The rationale for proning is compelling; lung physiology and gas transfer are positively altered in this position.1 When supine, the most dorsal parts of the lung remain nearly gasless because of lung anatomy and the wide allowance for chest wall expansion. In the prone position, the bed becomes fixed resistance for the chest wall, limiting its expansion and leading to better distribution of inhaled gas. As a result, the dorsal parts of the lung open up, adding ventilation quality. This increases plateau pressure and reduces tidal volume, with the largest volume of the lungs actively adding to oxygenation surface.1 By achieving close to optimal oxygenation without exceeding the positive end-expiratory pressure, lung barotrauma and hyperinflation are prevented with better clinical outcomes achieved for acute respiratory distress syndrome.
In prone positioning, the swimming position may be best for PI prevention.2 The recovery position (Simms position)3 is also an option to optimize gas exchange; it is similar to the swimming position with only a leg adaptation on the facial side (Figure 1). If the swimming arm is positioned perpendicular to the eye line (hand to eye), it prevents overextension of the brachial plexus.1 By flexing the leg slightly on the same side as the flexed elbow,3 patient body weight is distributed over a wider area of the bed surface and directed away from the midline of the body. The major benefit of this position combination is its practicality for repositioning schedules.

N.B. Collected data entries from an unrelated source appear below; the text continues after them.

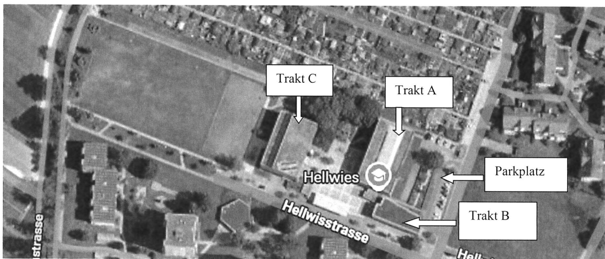
Bild: Schulanlage Hellwies

Mit einer neuen Vordachkonstruktion mit Sitzgelegenheit, einer neuen Parkierung und einer Instandsetzung der Spielplätze wurden die Umgebung aufgewertet.
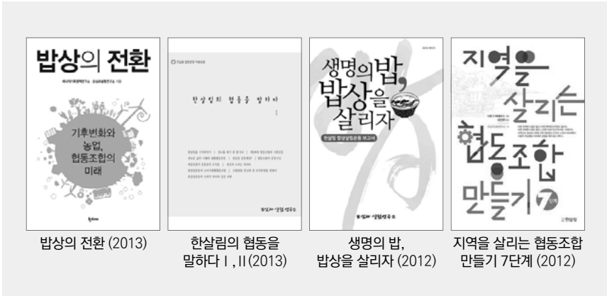
밥상의 전환 (2013)
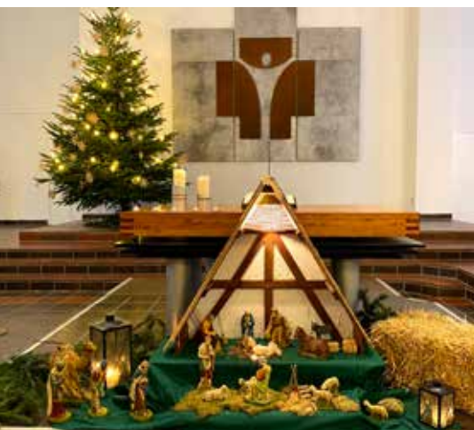
Die Weihnachtskrippe in der Melancthonkirche

See the following section for a suggested procedure to achieve head repositioning and neutral neck alignment4 and the Table for helpful tips. Two providers are suggested for prone positional changes, especially when the patient is intubated (Figure 2).
PROCEDURE
1. Ensure that the endotracheal tube (ETT) holder is removed before the patient is proned,5 because the adhesive tube holder wings will add pressure when trapped between the face and the bed surface.
2. Securely tape the ETT of the patient in place without a holder;5 oxygen tubing should be under no tension.
3. Align the patient's arms and legs next to their body to form a straight line.
4. Turn the head using two hands (one under the cheek), lifting the head without causing cervical tension. Slowly rotate until positioned on the opposite cheek. The second person controls the ETT once the face rotates midway (facing the bed).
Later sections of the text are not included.